Certain lawmakers, apparently having sold their souls to the Kansas Chamber, are hellbent on plunging us back into the misery of the Brownback years, which weren’t that long ago.
Some of us remember.
“When you have to take away from schools, highways, social services and all the other services the state provides in order to give tax cuts to major corporations that don’t pay any federal income tax,” Steve Morris said, “that’s not very good public policy in my view.”
For those of you who are new, Morris is a Republican who served in the Kansas Senate for 20 years. He was Senate president when then-Gov. Sam Brownback began experimenting on us. Morris’ tenure ended in 2013 after the Kansas Chamber, displeased with his resistance to tax-cutting pressure, bankrolled a primary challenger.
Morris must have a high tolerance for pain, because he’s now co-chairing Gov. Laura Kelly’s Council on Tax Reform. That group of people is working hard to recommend a path forward that doesn’t involve the insanity of repeating the same mistakes and expecting different results.
With temperatures in Topeka set to rise above freezing by Friday, it’s tempting to insert a reminder that there’s a long way to go until the end of this legislative session and that Kelly can still veto the insanity.

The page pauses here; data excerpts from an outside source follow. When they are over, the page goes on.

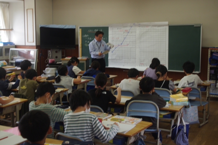 理科「天気と気温」では、天気によって1日の気温の変化の仕方に違いがあることを理解するために学習を進めています。温度計を使って気温を測り、天気による気温の変化の特徴を読み取りました。
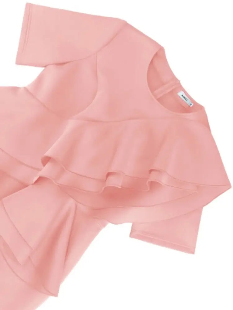 AOMEI Women Ruffles Peplum Dress O Neck Midi
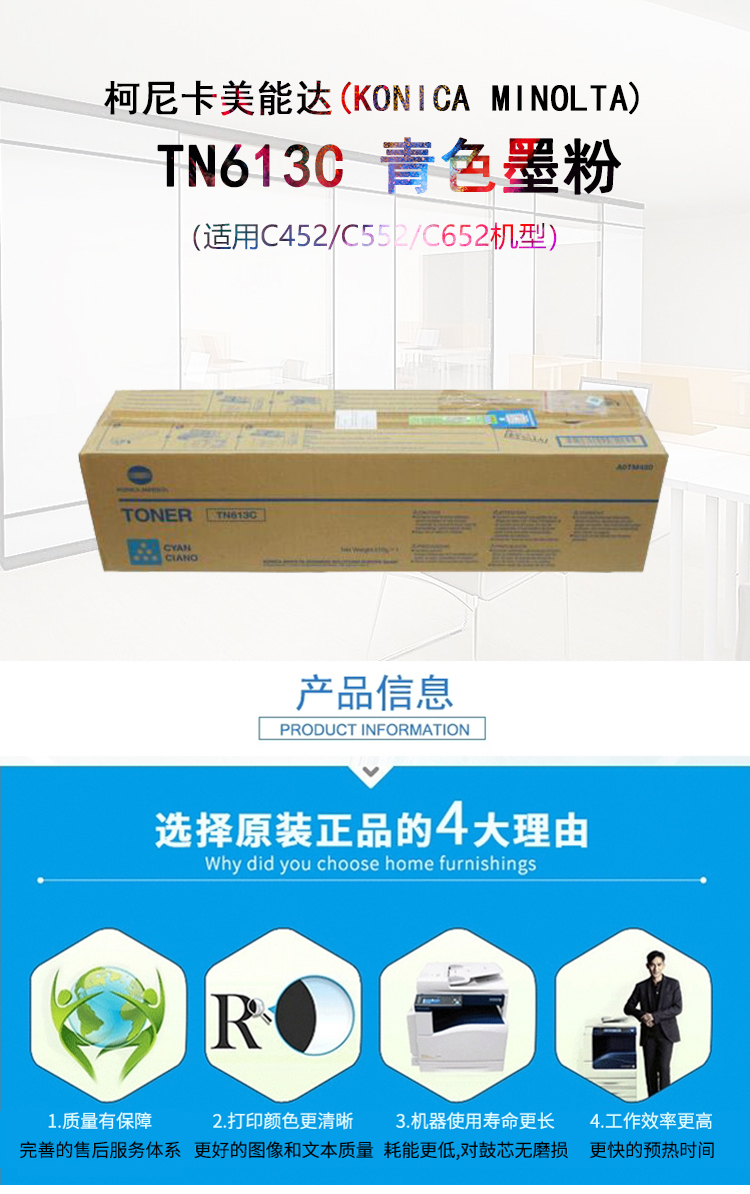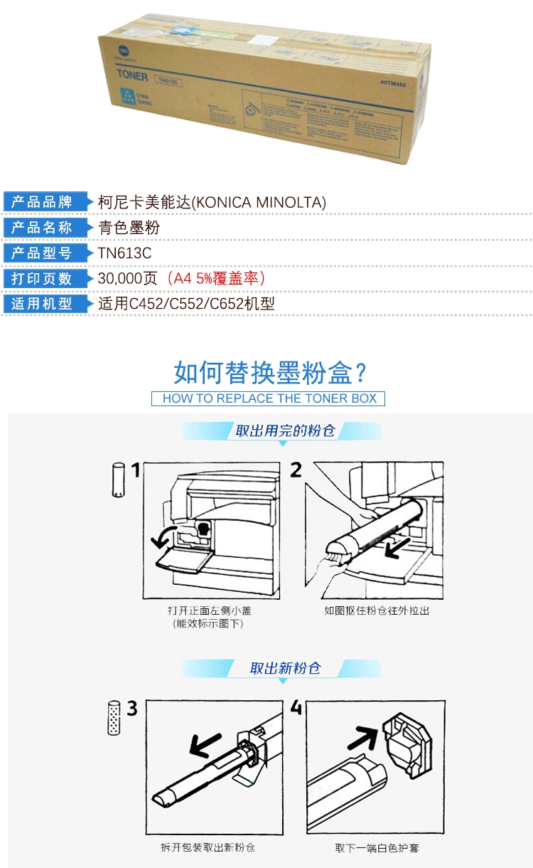 柯尼卡美能達(dá) TN613C 青色墨粉 適用C452/C552/C652 單位:支

“I tend to be more optimistic than pessimistic, so I would hope that over time people would see the benefits of good public policy,” Morris told me over the phone from his home in Hugoton.
“It’s not exactly the same bill, but it’s the same concept as what Gov. Brownback did in 2012,” Morris said of last week’s Senate tax bill. “And with a $600 million fiscal note, that’s liable to be very damaging to the state’s economy if it actually gets passed by both houses.”
Because we’re in hell, we must now pause for a brief definition of the term “marketplace facilitator,” which all Kansans need to understand if we care about the state’s finances. “A marketplace facilitator,” according to the tax reform council, “is a person who facilitates sales by an internet retailer through a physical or electronic marketplace.” Exhibit A: Amazon. When you go onto Amazon and buy something from a third party out of state, that third party doesn’t have to charge sales tax. Kansas is one of only three states doing business this way.
Closing this loophole, along with taxing streaming services like Hulu, would bring in almost $100 million in the next two fiscal years, which is how the governor planned to pay for some income tax relief for all Kansans.
Last week, the Senate rejected those money-raising ideas while voting in favor of more tax cuts. Morris found the marketplace facilitator rejection baffling.
“I’m convinced the only reason they voted against it is because it’s the governor’s idea,” he said.
He figured the Kansas Chamber opposed that third-party facilitator idea.
“They’re supposed to be representing the people in business across the state, and it’s counterproductive to those people,” he said.
“It’s been a fairness issue for years,” he said of the marketplace facilitator loophole.
“People from out of state selling to people in state don’t have to charge sales tax, but somebody buying the same item downtown in small-town Kansas, they have to pay that,” he said. “Not just small towns. Larger towns, too.”
I reminded him that it was his political party making this policy. I heard a short burst of what might have been a combination of irony and agony.
“I’m wondering why it’s still my party,” Morris said. “I think my party might have left me.”
He’s not the only one who feels that way. That morning, he’d read a news story about thousands of Republicans leaving the party.
“I felt like in 2016 that we took some major steps forward with the people who were elected in both Kansas House and Senate,” he said, “but a number of those people were defeated this last election. So I’m really disappointed in the direction that the party’s gone. We took several steps backwards.”
At this point, it’s beginning to feel as if Kansas might be beyond saving. Besides having a Senate full of Republicans whose brains must be frozen in 2012, Brownback isn’t just haunting us from afar — he’s back incarnate.
But springtime will surely arrive. Won’t it?